* **To do**
Your answer should hold the data exactly as given, minus any picture.

* **Data below**
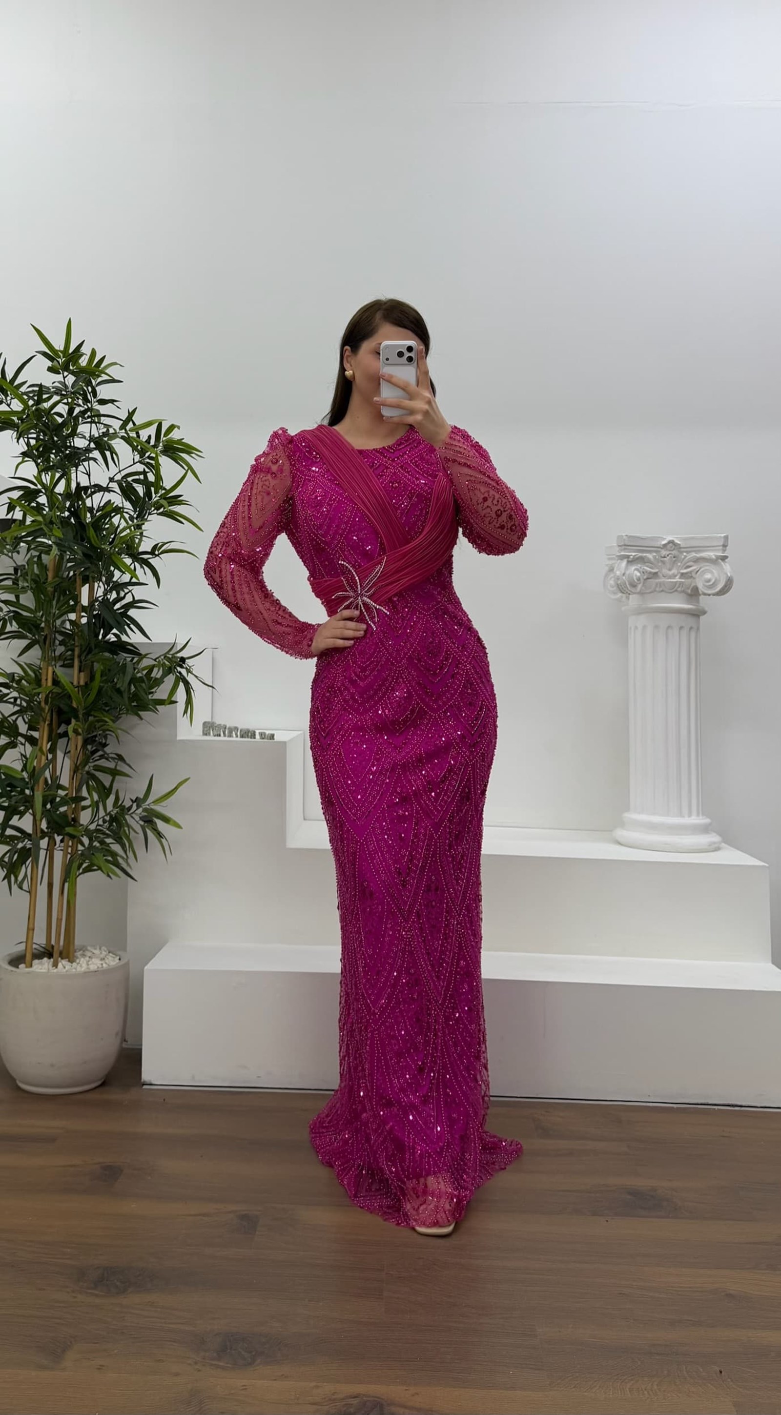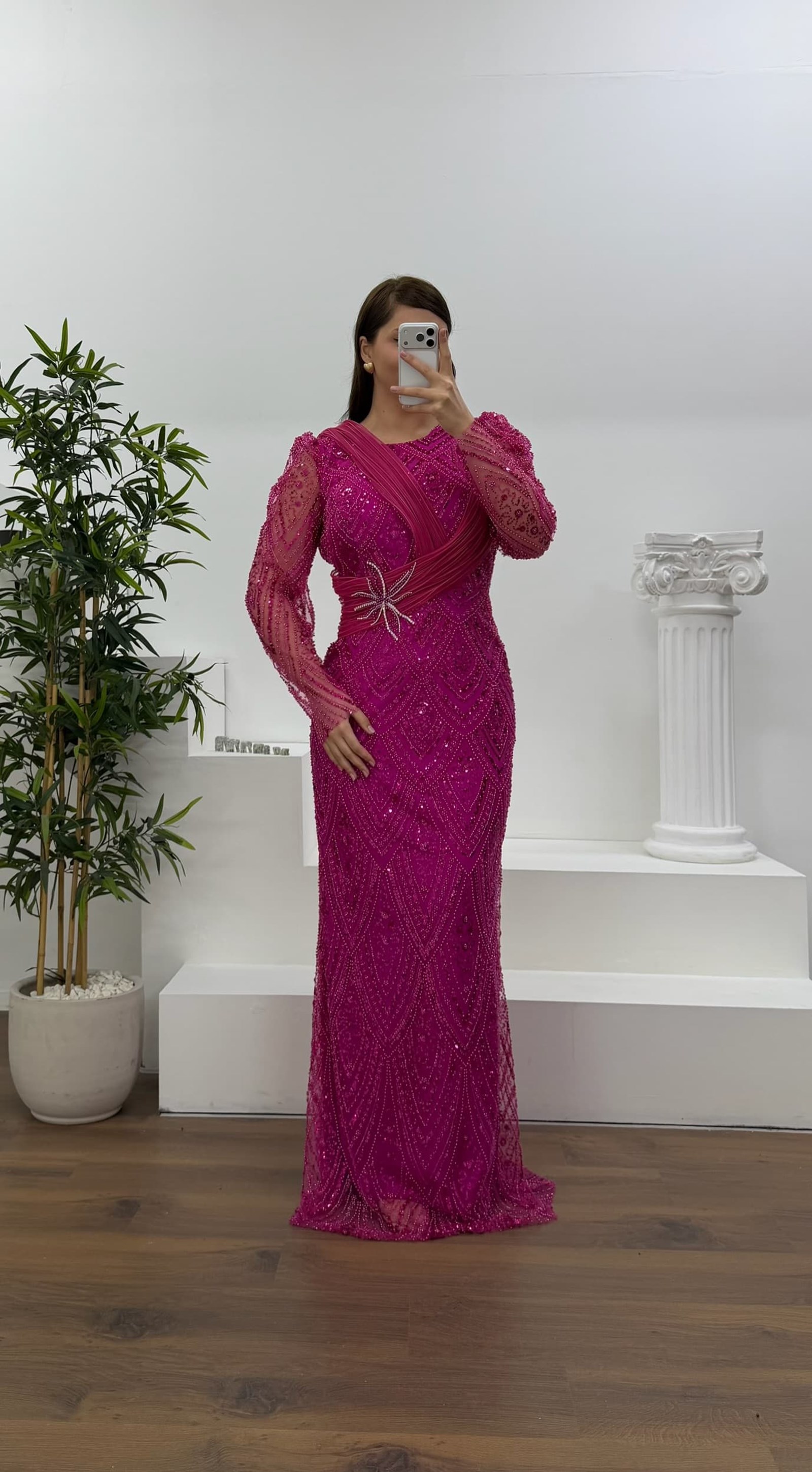 • Fuşya Yıldız Boncuk İşlemeli Kolları Tül  Detaylı Büyük Beden Abiye Elbise
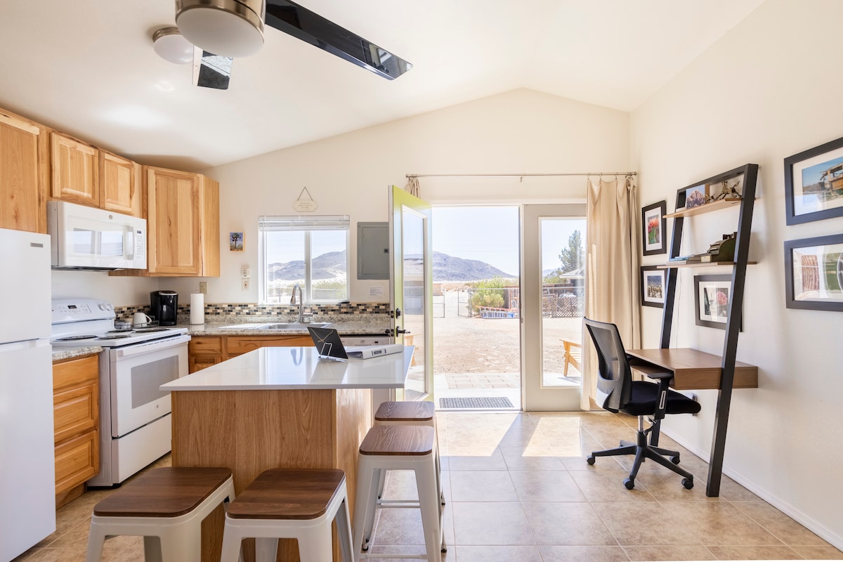 8,2 milhas de JTNP Acorde com vistas deslumbrantes das colinas do deserto iluminadas pelo sol e um pôr do sol deslumbrante. Cozinha adjacente ao quarto, com mesa de café para refeições rápidas. E grande mesa de jantar na sala de estar para jantares prolongados. Tome seu café da manhã no pátio privativo, aproveite o sol ou observe as estrelas sob o céu noturno cristalino. Após a reserva, você receberá nosso Guia do Hóspede Online, que destaca nossos lugares favoritos para comer, beber e caminhar, tornando sua estadia genuinamente inesquecível.
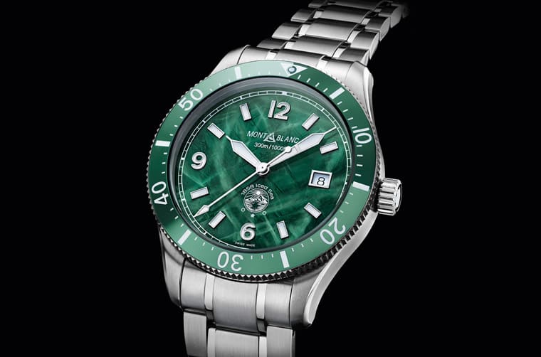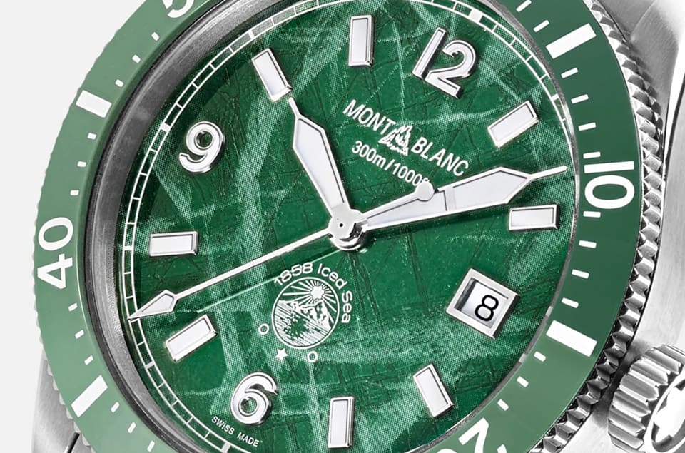 錶款採用不鏽鋼材質,錶殼41mm是現今運動錶的主流尺寸,此外品牌還替手錶配置了綠色的陶瓷圈,另外翻到錶背會看到上頭有立體浮雕冰山與正在探索下方冰河水域的潛水者圖案,光是鐫刻這個圖案的工法就是一道難題,然而當品牌克服技術限制後,呈現在手錶上的成果大家有目共睹。1858系列Iced Sea日期顯示自動錶搭配與錶圈相同顏色的面盤,而且萬寶龍選擇顏色時並非只是選些熱門色,而是在其中寄寓一些和系列精神呼應的元素,例如綠色就是代表南極洲冰川映現雪藻的顏色,若只是單純的綠色你可能會覺得這樣的配色靈感可能有點牽強,但是這系列潛水錶吸引人的地方就在於它有高辨識度的面盤裝飾。

* **Result**
 • Fuşya Yıldız Boncuk İşlemeli Kolları Tül  Detaylı Büyük Beden Abiye Elbise
 8,2 milhas de JTNP Acorde com vistas deslumbrantes das colinas do deserto iluminadas pelo sol e um pôr do sol deslumbrante. Cozinha adjacente ao quarto, com mesa de café para refeições rápidas. E grande mesa de jantar na sala de estar para jantares prolongados. Tome seu café da manhã no pátio privativo, aproveite o sol ou observe as estrelas sob o céu noturno cristalino. Após a reserva, você receberá nosso Guia do Hóspede Online, que destaca nossos lugares favoritos para comer, beber e caminhar, tornando sua estadia genuinamente inesquecível.
 錶款採用不鏽鋼材質,錶殼41mm是現今運動錶的主流尺寸,此外品牌還替手錶配置了綠色的陶瓷圈,另外翻到錶背會看到上頭有立體浮雕冰山與正在探索下方冰河水域的潛水者圖案,光是鐫刻這個圖案的工法就是一道難題,然而當品牌克服技術限制後,呈現在手錶上的成果大家有目共睹。1858系列Iced Sea日期顯示自動錶搭配與錶圈相同顏色的面盤,而且萬寶龍選擇顏色時並非只是選些熱門色,而是在其中寄寓一些和系列精神呼應的元素,例如綠色就是代表南極洲冰川映現雪藻的顏色,若只是單純的綠色你可能會覺得這樣的配色靈感可能有點牽強,但是這系列潛水錶吸引人的地方就在於它有高辨識度的面盤裝飾。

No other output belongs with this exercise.